Liberals and conservatives are finding that they share common ground when it comes to changing attitudes on issues such as having parents spend more time with their children. But for liberals, earning conservatives' support for legislation mandating vacations or paid sick days is not easy, making the battle in Congress and in many states an uphill struggle.

Conservatives' corporate allies generally oppose such proposals. "Our members are decidedly against mandates from the federal government," said Patrick Lyden, a lobbyist with the National Federation of Independent Business.

Catherine Myers, executive director of the Virginia-based Family and Home Network, said a preferable solution, instead of enacting mandates, would be for parents to quit or to reduce their paid employment to spend more time caring for their children.

"When we consider what our children really need, how can we afford not to give them our time?" Myers said.

The Bush administration and many conservatives instead favor a bill on comp time that has failed in the past two sessions of Congress. Most employees who work more than 40 hours a week must be paid time and a half. Under the proposal, an employee who works more than 40 hours in one week could choose between overtime and comp time.

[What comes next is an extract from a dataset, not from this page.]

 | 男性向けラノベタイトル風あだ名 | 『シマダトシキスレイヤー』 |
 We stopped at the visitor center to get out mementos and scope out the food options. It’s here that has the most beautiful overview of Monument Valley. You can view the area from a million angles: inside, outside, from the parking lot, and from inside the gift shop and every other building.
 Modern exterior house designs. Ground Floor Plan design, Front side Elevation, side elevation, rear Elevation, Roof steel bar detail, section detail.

Many Democrats and labor unions oppose the bill, saying that it would cut workers' wages by pressuring them to give up paid overtime and that it would give managers too much control over when employees take comp time.

According to the Organization for Economic Cooperation and Development, U.S. workers put in 1,792 hours on average in 2003 — three full-time weeks more than British workers and nine more than in France and Germany.

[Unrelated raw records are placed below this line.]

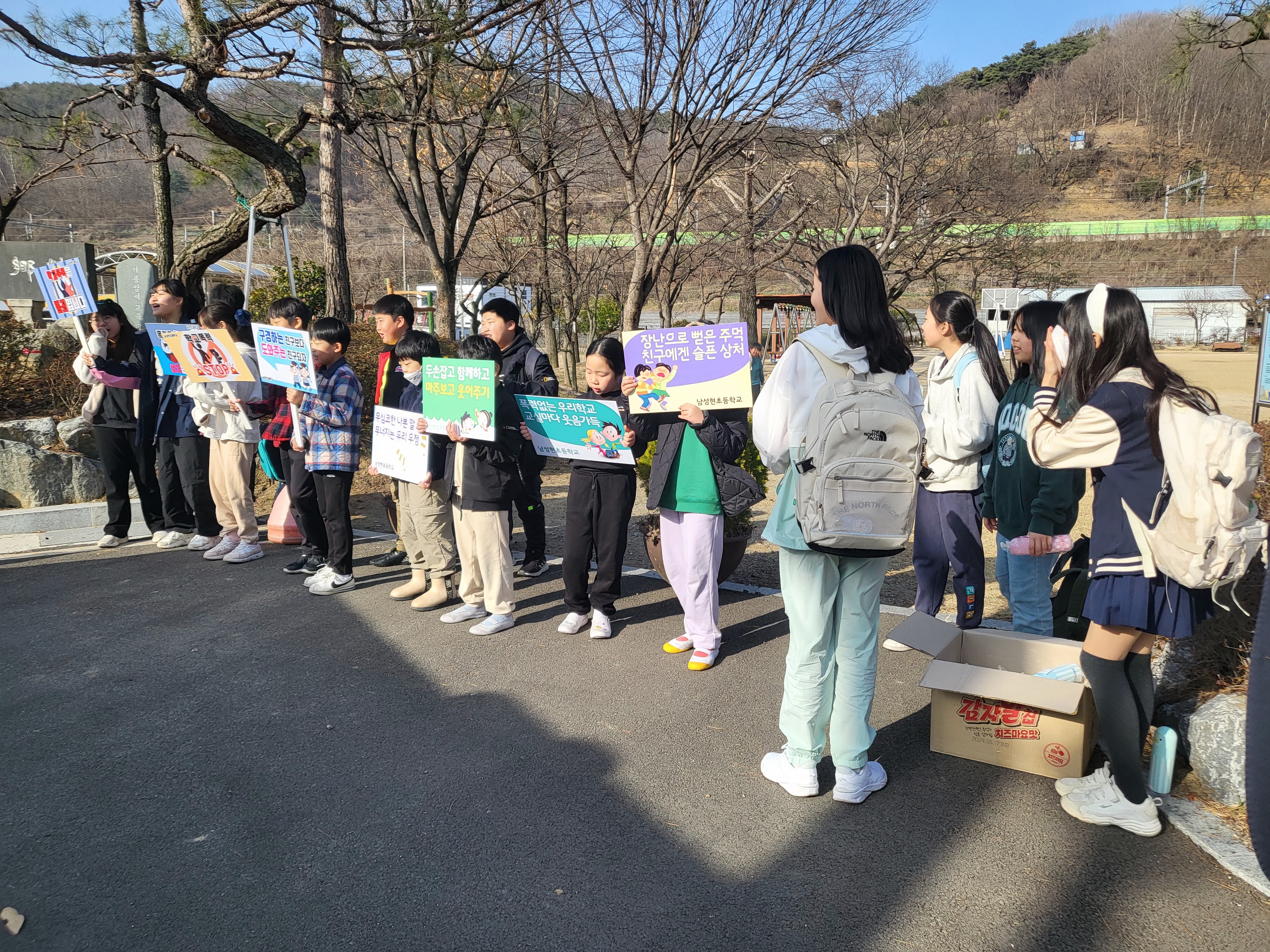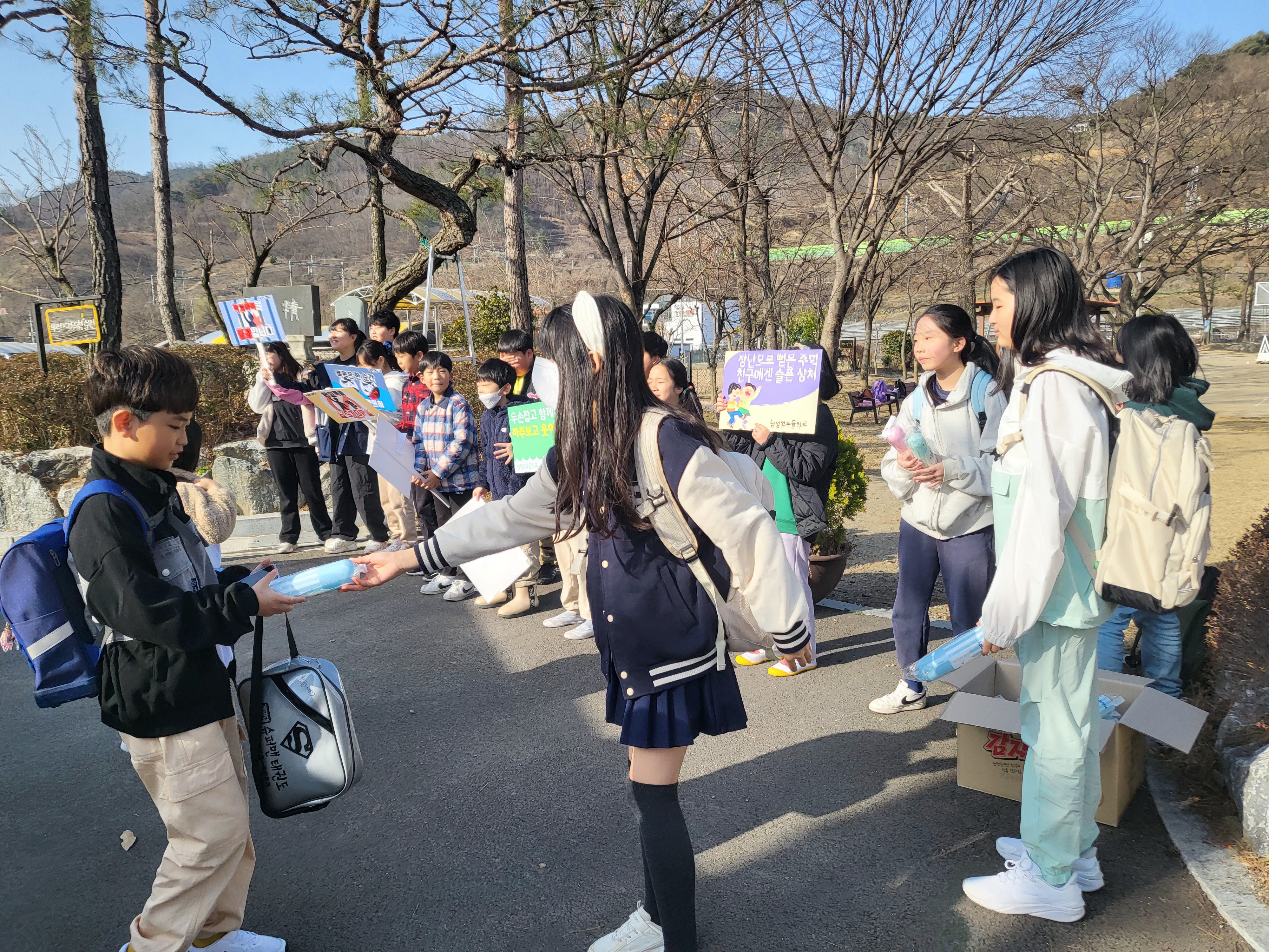 남성현초등학교(교장 최병찬)는 3월 18일(월) 오전 8시 30분부터 9시 까지 정문에서 학생들의 등교시간에 맞추어 새학기 학교폭력 예방 캠페인을 펼쳤다.
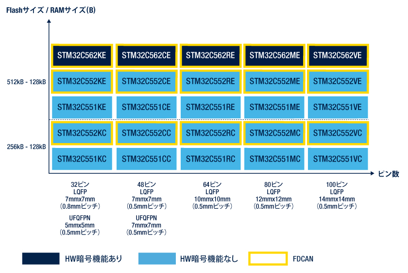 また、HASHやAESによる暗号化などのハードウェア・ベースのセキュリティ機能も搭載しており、32ピン~100ピンまでの各種パッケージ・ラインアップが準備されています。NUCLEO-C562RE開発ボードとSTM32Cubeソフトウェア開発エコシステムを使用することで、試作開発を素早く簡単にスタートできます。動作温度範囲は-40℃~125℃です。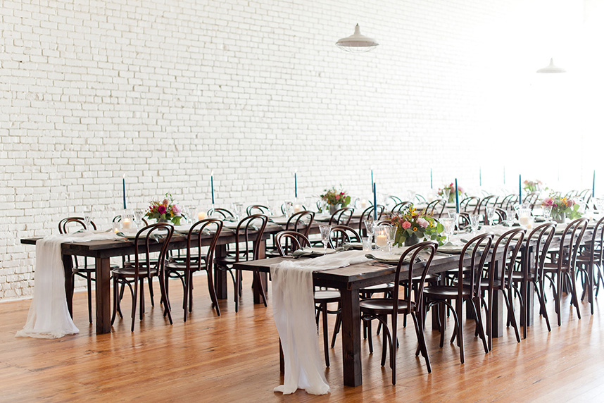 Built in 1983, One Eleven East has been thoughtfully restored to cultivate its original architectural details while also subtly modernizing its downtown charm. We see brides drawn to the clean white-brick walls, 15-foot ceilings, pinewood floors and beautifully arched windows that lead to the property’s private outdoor courtyard.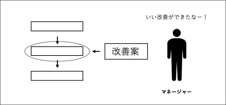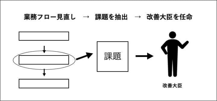 まずは、マネージャーが主体となり業務プロセスでの課題を抽出。その課題の改善案の作成をする「改善大臣」に、特定のメンバー1人を任命します。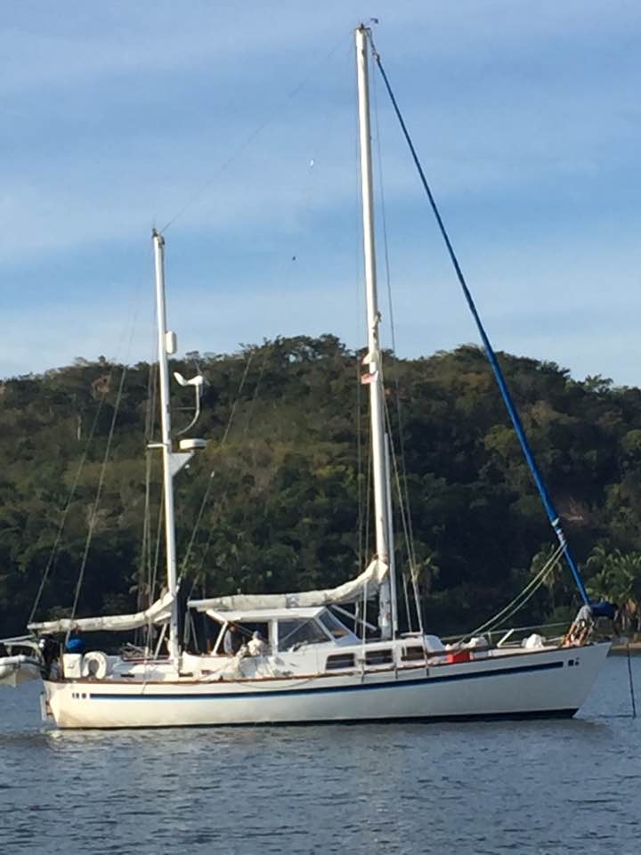 1978 45 foot Morgan 452 ketch rig white with blue stripe.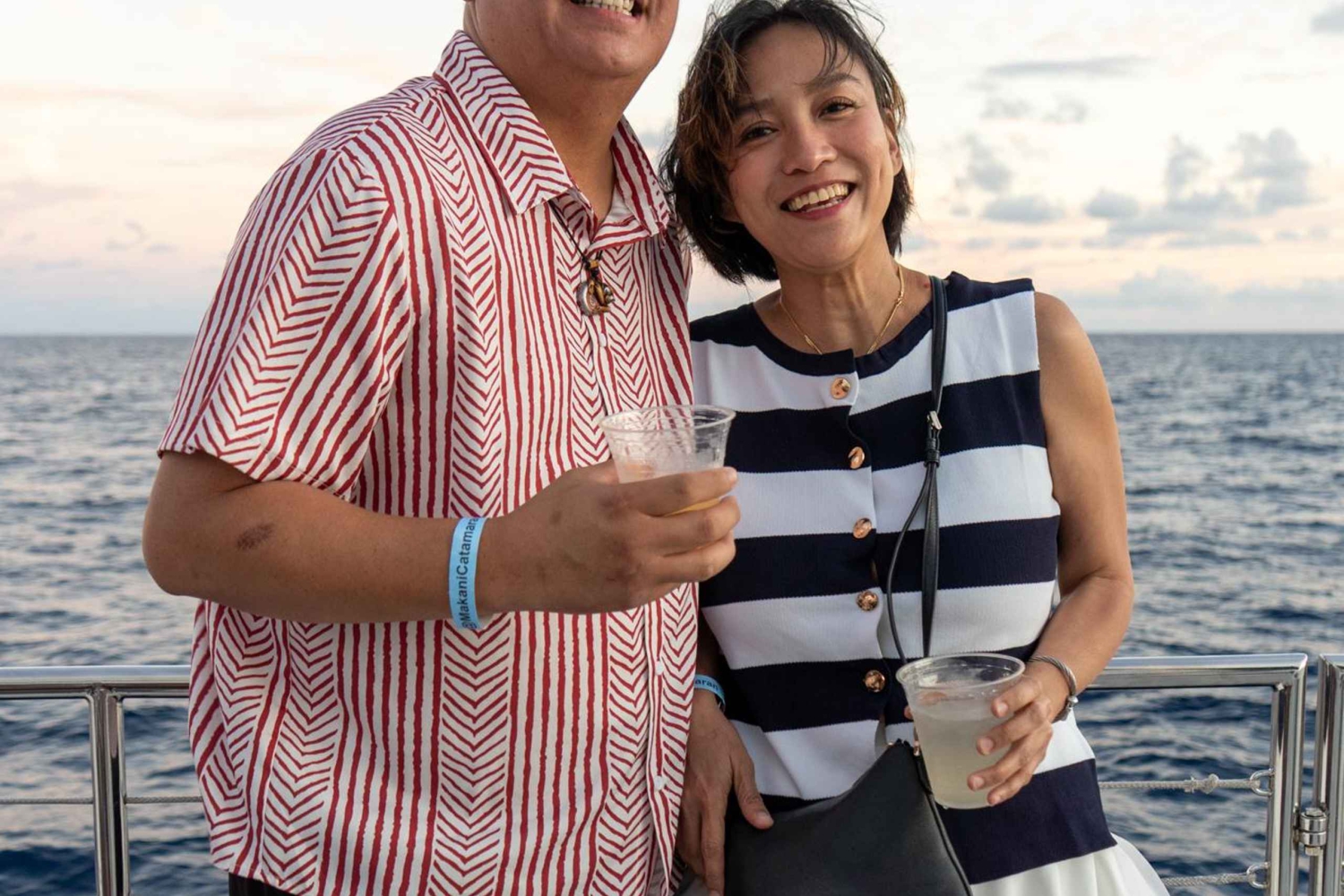 Wyrusz w spokojną podróż o zachodzie słońca Wypłyń katamaranem Makani na czarujący hawajski zachód słońca. Poczuj morską bryzę i delektuj się tropikalnym koktajlem, obserwując, jak słońce zanurza się pod horyzontem, oświetlając wody ciepłym bursztynowym odcieniem. Ikona Diamond Head i panorama Honolulu stanowią majestatyczne tło tego niezapomnianego dwugodzinnego rejsu.

Census data point to increased stress on women. The average middle-class married woman works 500 hours, or 12.5 weeks, more per year than in 1979.

"The No. 1 concern that women have today — even more than security — is a lack of time," said Frank Luntz, a GOP pollster.

Take Back Your Time and the Massachusetts Council of Churches worked closely last fall with the Lord's Day Alliance, an Atlanta-based group, to urge congregants through fliers and sermons to take "four windows of time" over a month to relax and spend time with their families.

"We're very concerned about the 24/7 commercialization of our society and people feeling stressed from working so many hours," said the council's director, the Rev. Diane Kessler.

The Lord's Day Alliance, which has long promoted observing the Sabbath, helped finance the campaign and hopes to spread it to other states.

"The needs are the same whether you're poor or rich, Republican or Democrat. You need time to be set aside," said Tim Norton, director of the Lord's Day Alliance.

W. Bradford Wilcox, a University of Virginia sociologist who has written extensively about evangelicals, said bridging the divide over how to give Americans more time would not be easy.

"Many hard-working, rank-and-file evangelicals would support legislation guaranteeing paid sick days or paid vacations," Wilcox said. "But evangelical leaders will not go along with these ideas because their close allies in the business community are so firmly against it."

Todd Rakoff, a professor at Harvard Law School who has written about Americans' time squeeze, said, "There is something here that could be bridged, but someone has to grab hold of this issue and figure out a way to make political capital out of it."